[Start of section]
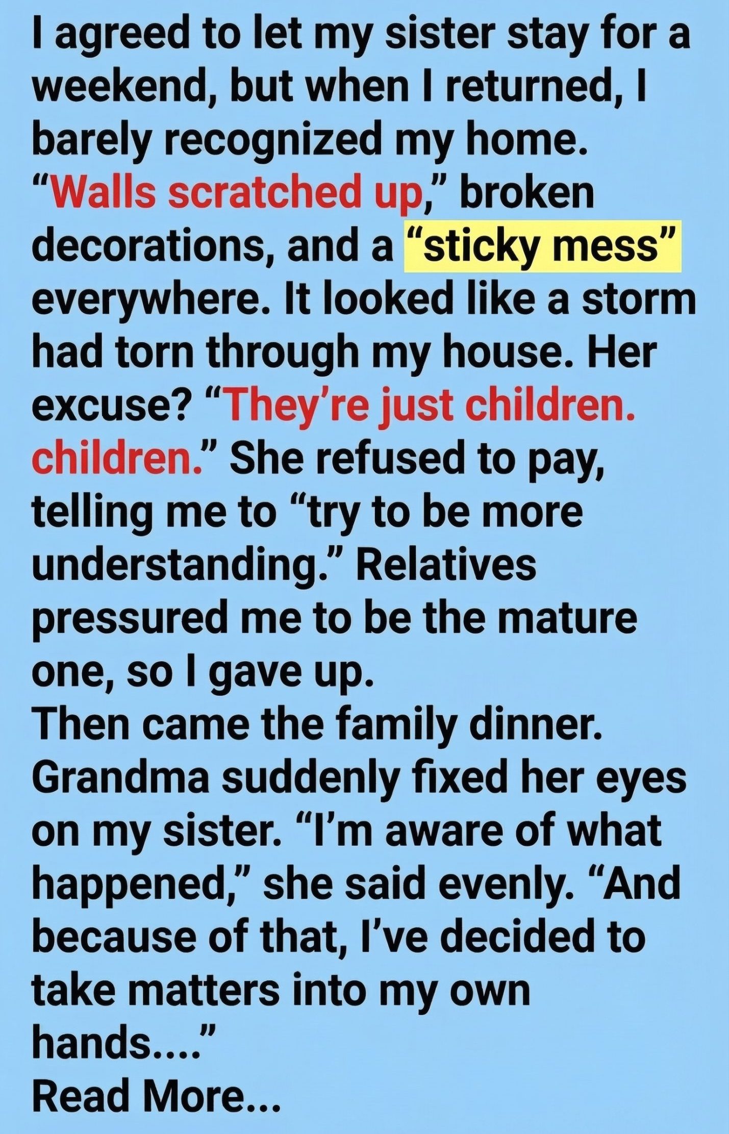 When my sister Lena asked to stay at my house for the weekend, all I heard was family in need — no warning bells. She’d just finalized a bitter divorce, said she and her kids had nowhere else to go until Monday, and I didn’t have the heart to refuse.
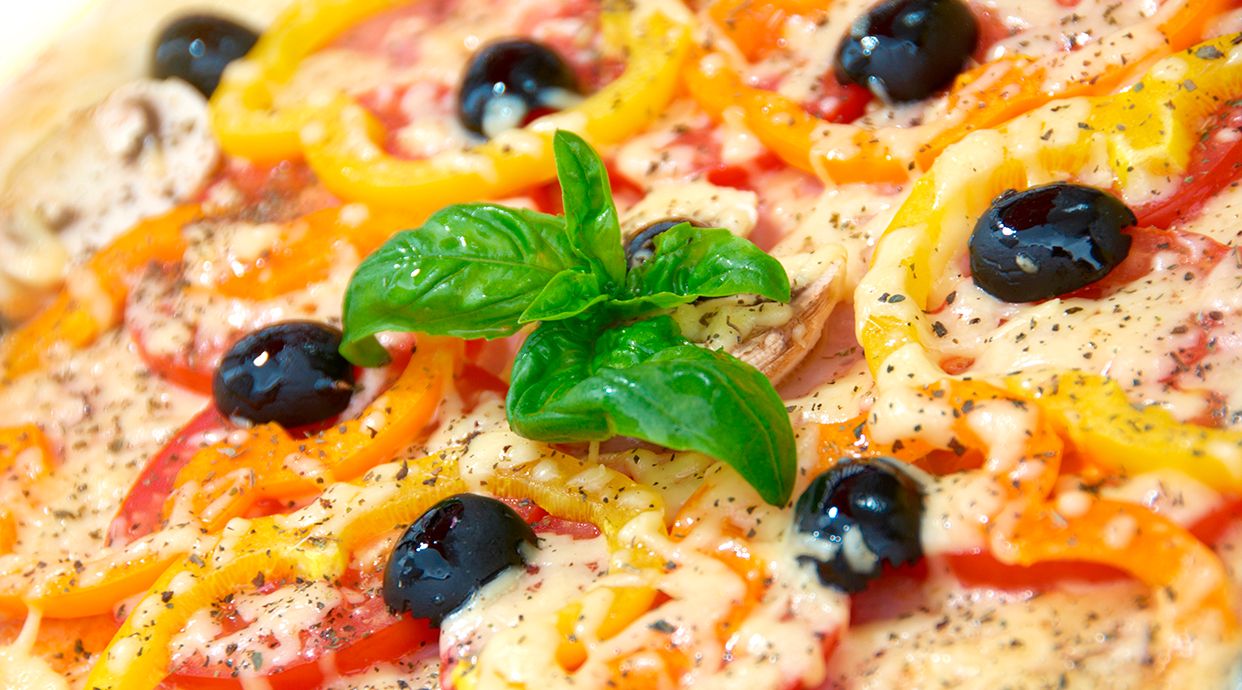 Passata di pomodoro, mozzarella, prosciutto cotto, carciofi, funghi freschi, olive taggiasche denocciolate
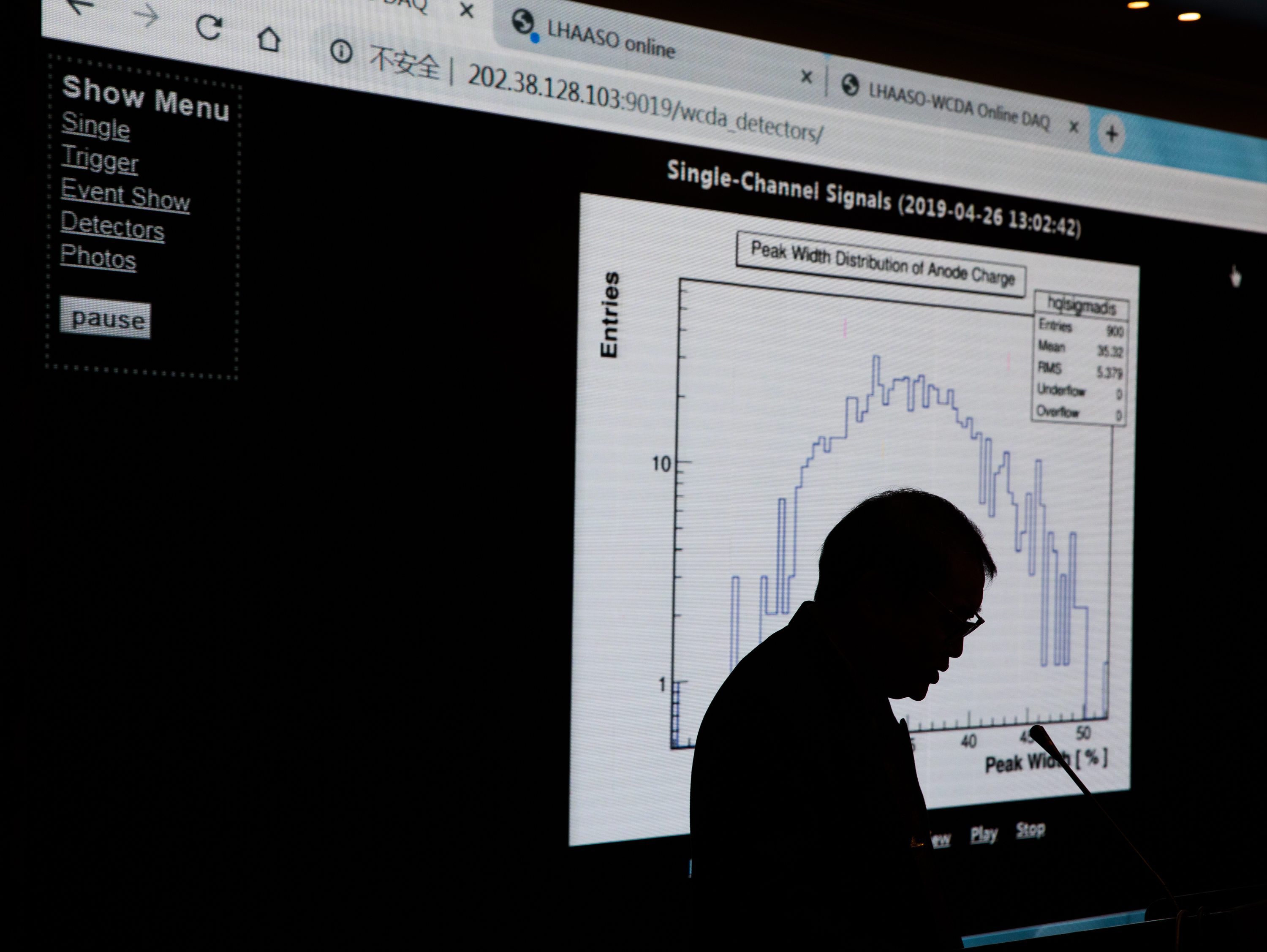Photo taken on April 26, 2019 shows CAO Zhen from the China Academy of Sciences, chief scientist of the Large High Altitude Air Shower Observatory (LHAASO), launching scientific observation and introducing the research data during the ceremony of LHAASO Scientific Observation and unveiling of Tianfu Cosmic Ray Research Center in Chengdu City, southwest China's Sichuan Province. The LHAASO recently began scientific observation of very high energy cosmic rays as it launched operation of its first set of detectors. (Xinhua/JIN Liwang)
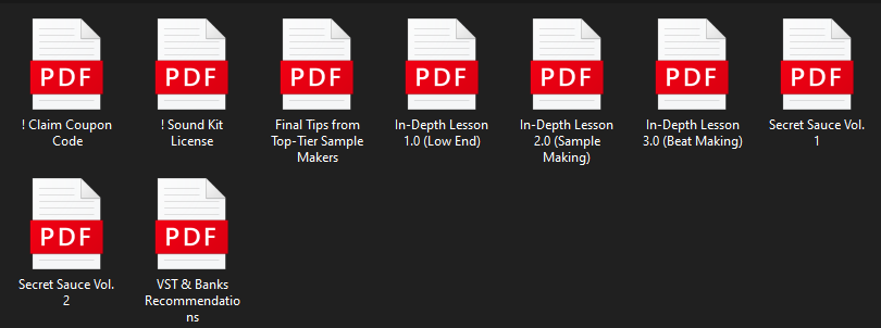 I've included all the knowledge, secret tips, and lessons that I and other sample makers have gained in the music industry into these PDF files. The value you'll gain from these resources is extraordinary and exclusively featured in this collection for a limited time. Unlock new methods for sample making, in-depth lessons, recommendations for VSTs and banks, tips from many Billboard sample makers, and the secret sauce to enhance your production. Meaning tips from, for example, MacShooter, Trifreeze, Visionexe, ProdbyiiiInfinite, XetroBeatz, and many more.
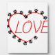 Dibujos de huellas de perros, un corazón rojo y la palabra "amor". Diseño original.
[End of section]
Problem requirements:
A verbatim transcript of the entries above is required, with the pictures left out.

Response to the task:
 When my sister Lena asked to stay at my house for the weekend, all I heard was family in need — no warning bells. She’d just finalized a bitter divorce, said she and her kids had nowhere else to go until Monday, and I didn’t have the heart to refuse.
 Passata di pomodoro, mozzarella, prosciutto cotto, carciofi, funghi freschi, olive taggiasche denocciolate
Photo taken on April 26, 2019 shows CAO Zhen from the China Academy of Sciences, chief scientist of the Large High Altitude Air Shower Observatory (LHAASO), launching scientific observation and introducing the research data during the ceremony of LHAASO Scientific Observation and unveiling of Tianfu Cosmic Ray Research Center in Chengdu City, southwest China's Sichuan Province. The LHAASO recently began scientific observation of very high energy cosmic rays as it launched operation of its first set of detectors. (Xinhua/JIN Liwang)
 I've included all the knowledge, secret tips, and lessons that I and other sample makers have gained in the music industry into these PDF files. The value you'll gain from these resources is extraordinary and exclusively featured in this collection for a limited time. Unlock new methods for sample making, in-depth lessons, recommendations for VSTs and banks, tips from many Billboard sample makers, and the secret sauce to enhance your production. Meaning tips from, for example, MacShooter, Trifreeze, Visionexe, ProdbyiiiInfinite, XetroBeatz, and many more.
 Dibujos de huellas de perros, un corazón rojo y la palabra "amor". Diseño original.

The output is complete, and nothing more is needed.